Eugen Bari

Personal information
- Full name: Eugen Bari
- Date of birth: 24 June 1971 (age 54)
- Place of birth: Czechoslovakia
- Height: 1.76 m (5 ft 9+1⁄2 in)
- Position: Forward

Team information
- Current team: TJ Sklotatran Poltár (manager)

Senior career*
- Years: Team / Apps / (Gls)
- 1993–1994: Fiľakovo
- 1993–1994: → Baník Prievidza (loan) / 6 / (0)
- 1994–1996: DAC Dunajská Streda / 59 / (12)
- 1996–1998: FC Nitra / 29 / (4)
- 1998–2000: ZTS Dubnica / 51 / (10)
- 2000: → Lučenec (loan) / 6 / (0)
- 2000–2001: Dukla Banská Bystrica / ? / (4)
- 2005–2008: Fiľakovo
- 2008–2009: OŠK Radzovce
- 2009: OŠK Biskupice
- 2010: TJ Slovan Halič

Managerial career
- 2005–2008: Fiľakovo
- 2009: OŠK Biskupice (playing manager)
- 2010: TJ Slovan Halič (playing manager)
- 2012: Fiľakovo (youths)
- 2013: TJ Družstevník Tachty
- 2013–?: TJ Sklotatran Poltár
- 2019: Rimavská Sobota
- 2020–2021: Fiľakovo
- 2022–2024: Rimavská Sobota

= Eugen Bari =

Slovak footballer

Eugen Bari (born 24 June 1971) is a Slovak former professional footballer and current manager of TJ Sklotatran Poltár. Bari was nicknamed "The Slovak Romário" after the famous Romário of Brazil.

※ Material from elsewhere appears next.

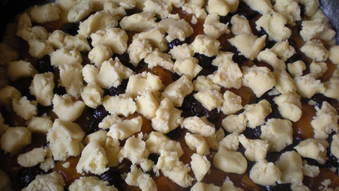 От второй части теста ощипываем кусочки и хаотично распределяем на ягоды. Ставим в духовку, предварительно нагретую до 200 градусов, на верхнюю полку. И выпекаем 40-50 минут.

Throughout his career, Bari played for Dunajská Streda, Nitra, Dukla Banská Bystrica and Vác.

== Club career ==
Bari was 17 years old when he made his debut for the men's team. Fiľakovo was playing a friendly match against Spartak Trnava, where Bari would come onto the pitch as a substitute midway through the second half.

== Managerial career ==
After returning to Fiľakovo, Bari became a youth coach. He later became the head coach of the club.

==Personal life==
Bari is of Roma (Gypsy) origin. His son Kristián is currently playing for MŠK Žilina.